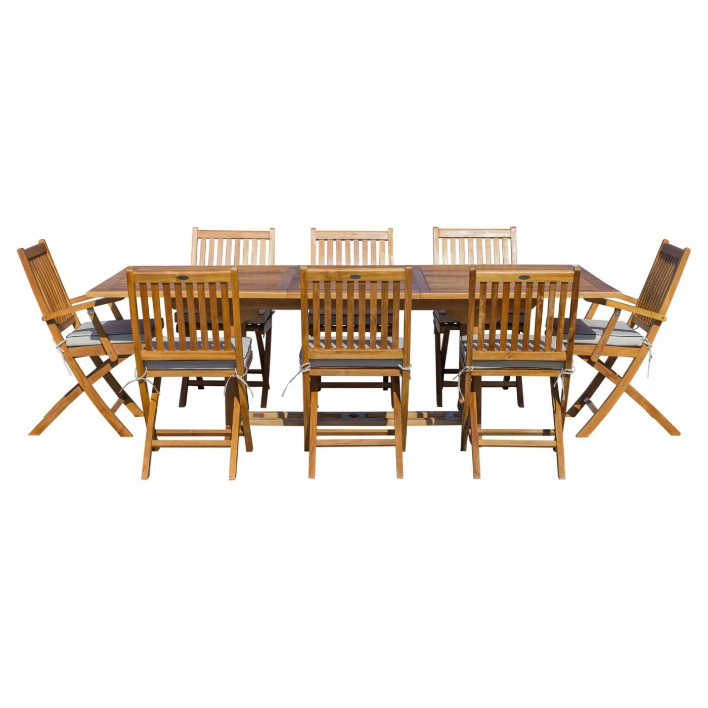Ensure all your family and friends have a seat at the table with the Seven Seas Teak Santa Monica Teak 9 Piece Rectangle Patio Dining Set. This outdoor dining set has a wide, rectangular table and eight matching chairs. Solid teak hardwood constructs the frames, secured with stainless-steel hardware and finished in honey brown. Tall-slatted backs provide support while the foam-padded, waterproof Sunbrella seat cushions lend lasting comfort.
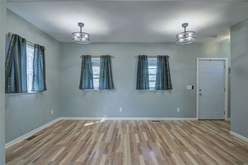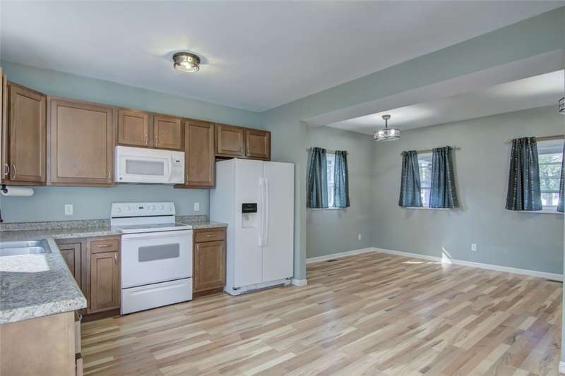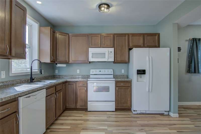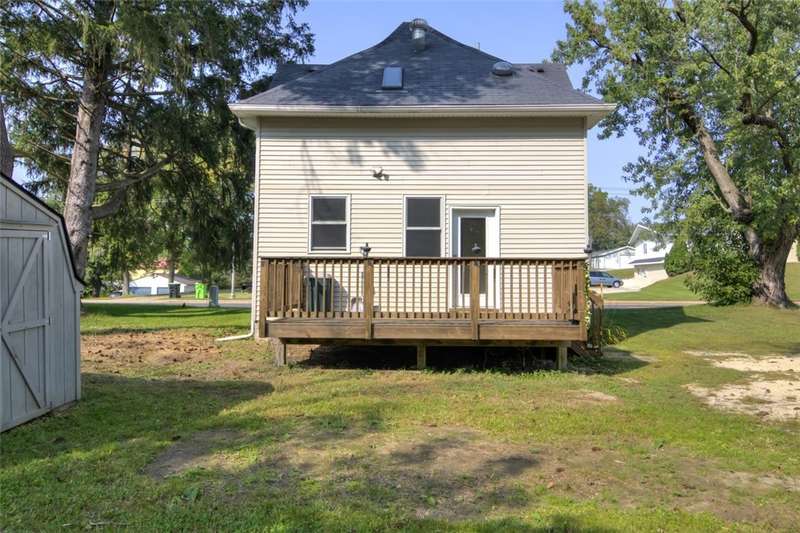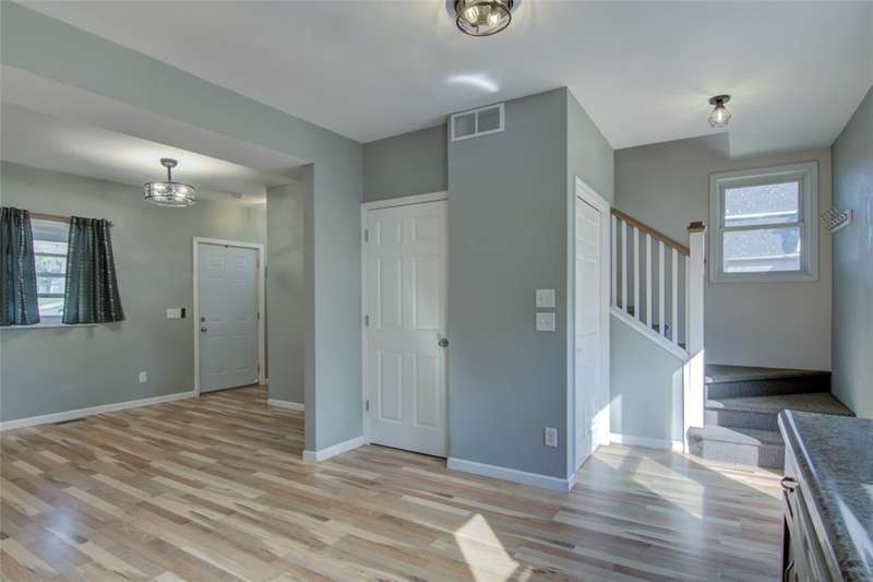 Easy to show on short notice: call for a showing! Open design fully remodeled several years ago with open kitchen and living room. Conveniently located to school bus access and plenty of parking in the rear yard and room for a garage. Main level 1/2 bath with full bath and three bedrooms on the second floor. Covered front porch, rear deck, garden shed, and wooded area to rear yard for privacy. Modern layout with a full basement with laundry and storage with central air and updated mechanicals. All elements of this home are remodeled and updated! Vacant and easy to see today!
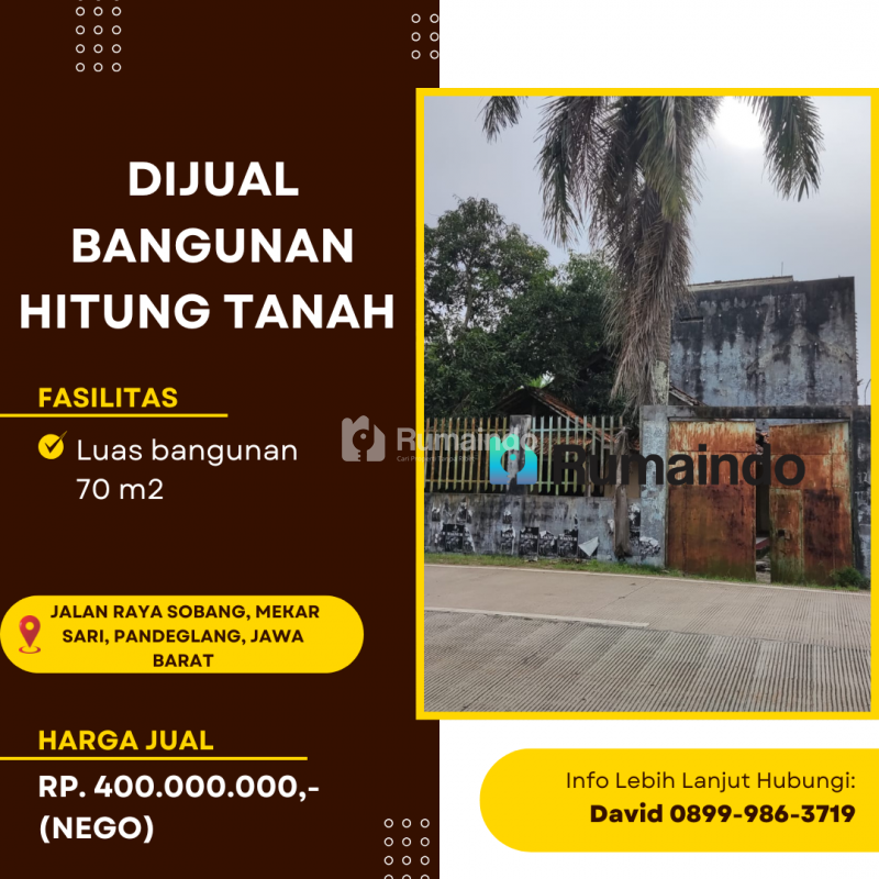 Dijual Bangunan hitung Tanah Di Pandeglang Jawa Barat
==============================
▶ Your assignment
What the answer must hold: all the data above, given again exactly, without pictures.

▶ Written reply
Ensure all your family and friends have a seat at the table with the Seven Seas Teak Santa Monica Teak 9 Piece Rectangle Patio Dining Set. This outdoor dining set has a wide, rectangular table and eight matching chairs. Solid teak hardwood constructs the frames, secured with stainless-steel hardware and finished in honey brown. Tall-slatted backs provide support while the foam-padded, waterproof Sunbrella seat cushions lend lasting comfort.
 Easy to show on short notice: call for a showing! Open design fully remodeled several years ago with open kitchen and living room. Conveniently located to school bus access and plenty of parking in the rear yard and room for a garage. Main level 1/2 bath with full bath and three bedrooms on the second floor. Covered front porch, rear deck, garden shed, and wooded area to rear yard for privacy. Modern layout with a full basement with laundry and storage with central air and updated mechanicals. All elements of this home are remodeled and updated! Vacant and easy to see today!
 Dijual Bangunan hitung Tanah Di Pandeglang Jawa Barat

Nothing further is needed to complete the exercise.